Donor Rodman LucasRodman Lucas '46 called St. Albans School his home for twenty years, from 1929 until 1949. Now, the son of St. Albans' third headmaster has deeded his own home, in Essex, Conn., to St. Albans School. Through a "retained life estate," Lucas is free to reside there throughout his lifetime.

Rod Lucas was only one and a half when he moved into the Lane-Johnston Building with his father, the Rev. Albert Hawley Lucas; his mother, Frances Wharton Scott Lucas; his older brother, Albert II '43; and his sisters, June and Bess, who would attend NCS. Lucas attended Beauvoir and then St. Albans, where he played tennis, baseball, and basketball; served as a prefect and a senior warden of the Vestry; and, according to Lucas, became "the Headmaster's biggest headache for eight years."

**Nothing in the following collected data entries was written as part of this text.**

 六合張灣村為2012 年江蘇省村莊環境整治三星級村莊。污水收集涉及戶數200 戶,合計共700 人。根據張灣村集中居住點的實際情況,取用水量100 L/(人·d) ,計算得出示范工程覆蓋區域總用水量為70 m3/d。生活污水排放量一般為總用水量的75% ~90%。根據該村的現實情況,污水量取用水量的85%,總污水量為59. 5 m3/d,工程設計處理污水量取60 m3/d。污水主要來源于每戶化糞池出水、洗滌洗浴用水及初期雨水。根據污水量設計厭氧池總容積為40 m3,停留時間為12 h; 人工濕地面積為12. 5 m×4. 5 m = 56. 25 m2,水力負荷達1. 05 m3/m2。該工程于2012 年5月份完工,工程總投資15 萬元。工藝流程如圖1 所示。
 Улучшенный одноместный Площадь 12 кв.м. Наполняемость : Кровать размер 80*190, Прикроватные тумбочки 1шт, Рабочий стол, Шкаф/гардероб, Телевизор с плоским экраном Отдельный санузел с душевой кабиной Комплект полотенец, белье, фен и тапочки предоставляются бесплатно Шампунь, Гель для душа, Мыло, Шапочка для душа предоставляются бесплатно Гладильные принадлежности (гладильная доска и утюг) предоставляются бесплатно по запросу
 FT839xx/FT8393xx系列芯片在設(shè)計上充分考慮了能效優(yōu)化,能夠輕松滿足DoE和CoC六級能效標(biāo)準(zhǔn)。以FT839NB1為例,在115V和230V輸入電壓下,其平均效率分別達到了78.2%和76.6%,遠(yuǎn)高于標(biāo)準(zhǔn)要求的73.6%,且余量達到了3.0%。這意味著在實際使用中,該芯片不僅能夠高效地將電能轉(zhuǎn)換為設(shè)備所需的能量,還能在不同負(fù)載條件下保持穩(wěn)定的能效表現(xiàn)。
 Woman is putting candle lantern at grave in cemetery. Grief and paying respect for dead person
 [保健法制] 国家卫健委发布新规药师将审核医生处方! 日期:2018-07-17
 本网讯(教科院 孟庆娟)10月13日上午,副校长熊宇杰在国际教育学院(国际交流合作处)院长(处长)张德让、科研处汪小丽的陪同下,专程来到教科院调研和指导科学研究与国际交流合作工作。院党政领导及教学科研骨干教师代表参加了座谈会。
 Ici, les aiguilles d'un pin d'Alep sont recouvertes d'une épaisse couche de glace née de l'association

Recalls Lucas: "I acquired more demerits than any other student at St. Albans," partly because his father doubled any demerits he received. His punishment: raking leaves and shoveling snow on the Cathedral grounds. Today, Lucas denies any serious wrongdoing: "I was a pain in the neck growing up, but I just did the kind of things young people do!" Lucas's classmates, in the 1946 yearbook, seem to agree: "If ... limited to the selection of two qualities to fit Roddy, one would probably name honesty and playfulness. ... It is characteristic of Roddy that if an eraser has been thrown, he has been 'more or less nearby,' but it is equally typical that he is one of the first to admit that he had a part in it."

Lucas fondly recalls his school years at St. Albans. "I had a ball. I was very fortunate to be part of a class that was and is very close. I loved the School and the Cathedral, and was lucky to be able to see the Cathedral from a very early period of construction through its completion in 1990."

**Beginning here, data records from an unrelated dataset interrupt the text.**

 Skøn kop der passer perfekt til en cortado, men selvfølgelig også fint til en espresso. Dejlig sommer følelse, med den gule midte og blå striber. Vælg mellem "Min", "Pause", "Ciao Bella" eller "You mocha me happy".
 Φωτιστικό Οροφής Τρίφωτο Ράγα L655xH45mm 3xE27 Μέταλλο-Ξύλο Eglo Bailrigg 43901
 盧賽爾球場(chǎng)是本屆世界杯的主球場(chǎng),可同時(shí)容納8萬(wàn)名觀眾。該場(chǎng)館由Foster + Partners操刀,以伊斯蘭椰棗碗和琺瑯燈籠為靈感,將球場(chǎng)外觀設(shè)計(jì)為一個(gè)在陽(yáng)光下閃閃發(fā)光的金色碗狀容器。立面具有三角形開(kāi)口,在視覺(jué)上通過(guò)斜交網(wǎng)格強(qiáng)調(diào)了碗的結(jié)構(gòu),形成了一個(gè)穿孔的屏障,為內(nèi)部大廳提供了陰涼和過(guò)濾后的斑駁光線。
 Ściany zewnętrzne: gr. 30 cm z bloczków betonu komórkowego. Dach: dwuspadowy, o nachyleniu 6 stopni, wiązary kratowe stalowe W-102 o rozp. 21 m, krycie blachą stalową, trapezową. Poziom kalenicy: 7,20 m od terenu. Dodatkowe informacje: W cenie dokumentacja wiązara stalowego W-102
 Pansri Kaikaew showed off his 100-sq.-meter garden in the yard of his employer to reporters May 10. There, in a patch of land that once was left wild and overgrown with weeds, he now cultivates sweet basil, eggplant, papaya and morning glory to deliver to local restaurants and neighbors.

After St. Albans, Lucas attended the University of Pennsylvania and, like his father and brother, served in the Marines, with two years of active duty during the Korean War. Lucas then joined the Electric Boat Division of General Dynamics in New London, Conn., supporting the Navy as it turned to nuclear power. In 1951, he married Mary Gertrude Durant, with whom he would share 57 "unbelievably beautiful years," before she passed away in 2007. In 1953, they purchased a recently constructed cape, in Essex, Conn., where they would raise their two daughters, Mary Gertrude "Trudy" and the late Sharon Scott. Today, Lucas divides his time between Essex and Southwest Harbor, Maine.

Asked why he donated his home to the School he attended some sixty years ago, Lucas mentioned the free education that he and his siblings received on the Cathedral Close, and he recalled his father's words: "My father used to say to me, 'Roddy, if it's ever possible—if there's ever anything that you can do—to give back to the School in thanks for what the School did for you and your siblings, I hope you will."

St. Albans, which of course owes so much to the Lucas family, remains grateful to Canon Lucas for his years of leadership and to Rodman and his extended family for their continuing support.